China spans across four precipitation regimes (humid, semi-humid, semi-arid, and arid) from east to west because of its remarkable geographical diversity and continental monsoon climate. From north to south, the country also covers five climatic zones (cold temperate, temperate, warm temperate, subtropical, and tropical)[36,37]. Additionally, regional population density and the gross domestic product (GDP) tend to decrease from southeast to northwest[38,39]. Therefore, certain socioeconomic factors associated with population may be closely related to the dispersal ability of alien plant species. Previous studies have shown that the density of alien plant species decreases from the southeast coast to the northwest inland region of China[2,3,11,40-42]. Factors influencing this regional distribution pattern of alien plant species density (or richness) can be natural (e.g., precipitation and temperature) and/or anthropogenic (e.g., density of human population, GDP, and GDP per capita)[2,11,42]. Therefore, both natural and anthropogenic factors should be considered as influencing factors that impact the regional distribution of the dispersal ability of alien plant species.

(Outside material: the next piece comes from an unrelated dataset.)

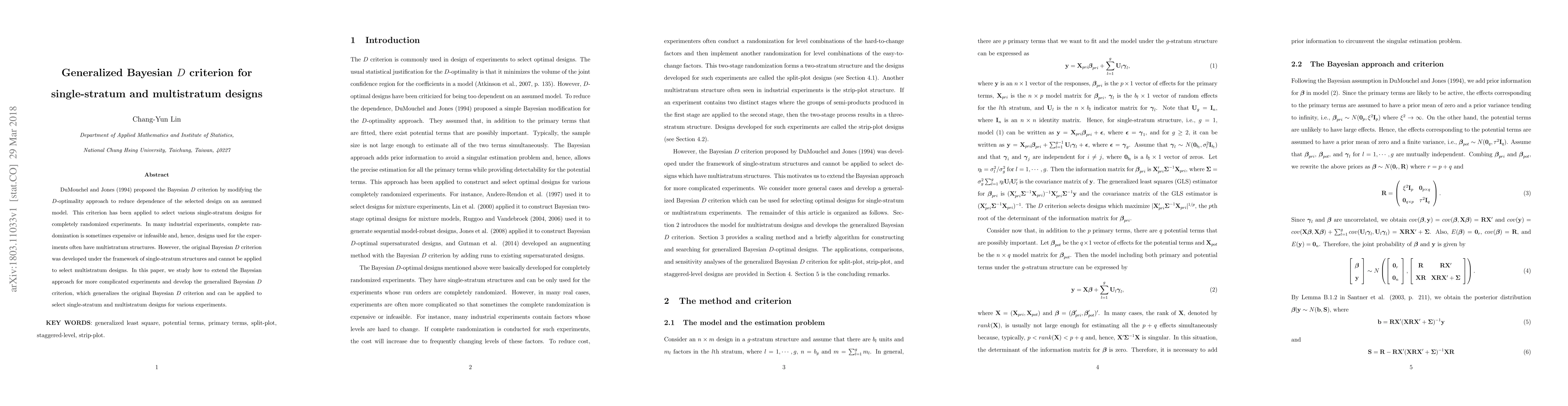 This paper extends the Bayesian D criterion to generalize its applicability for both single-stratum and multistratum experimental designs, addressing the limitations of the original criterion which only applied to single-stratum structures. The generalized Bayesian D criterion is developed to select designs when the number of effects exceeds the rank of the model matrix.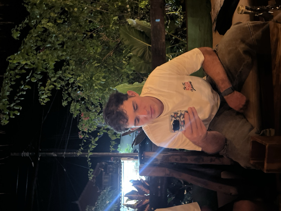 A young adult male, identified as Caucasian, is seated outdoors at night in Uluwatu, Indonesia

In this study, we used an inventory, risk ranks, and information of the dispersal modes of alien plant species to examine their dispersal ability, geographical distribution, and the relationship between socio-climatic factors and dispersal ability. Our objectives were to determine the following: 1) the characteristics of alien plant species’ dispersal abilities, including those in different risk ranks, 2) the geographical distribution of the dispersal abilities across China, and 3) the relationships between socio-climatic factors and dispersal abilities. The results found based on these objectives might help land managers and policy makers to control alien plant species in China.

Methods

Data collection

Data on 562 species of alien plants and their distribution in China were collected based on The Checklist of the Chinese Invasive Plants[35]. The alien plant species were distributed in 34 provincial-level administrative regions–twenty-three provinces, five autonomous regions, four municipalities, and two special administrative regions[2,11,35,43,44]. We collected the data on morphological traits of diaspores from several sources, including the Flora of China (http://www.iplant.cn/foc/), the PLANTS database managed by the United States Department of Agriculture (https://plants.usda.gov/java/), and the Seed Information Database from the Royal Botanic Gardens, Kew (http://data.kew.org/sid/). We retrieved references from the China National Knowledge Infrastructure database (CNKI, https://www.cnki.net/), Baidu (https://www.baidu.com/), and Web of Science (http://apps.webofknowledge.com) using the Latin name of the alien plant species as our keywords, and reviewed them to obtain information related to dispersal modes.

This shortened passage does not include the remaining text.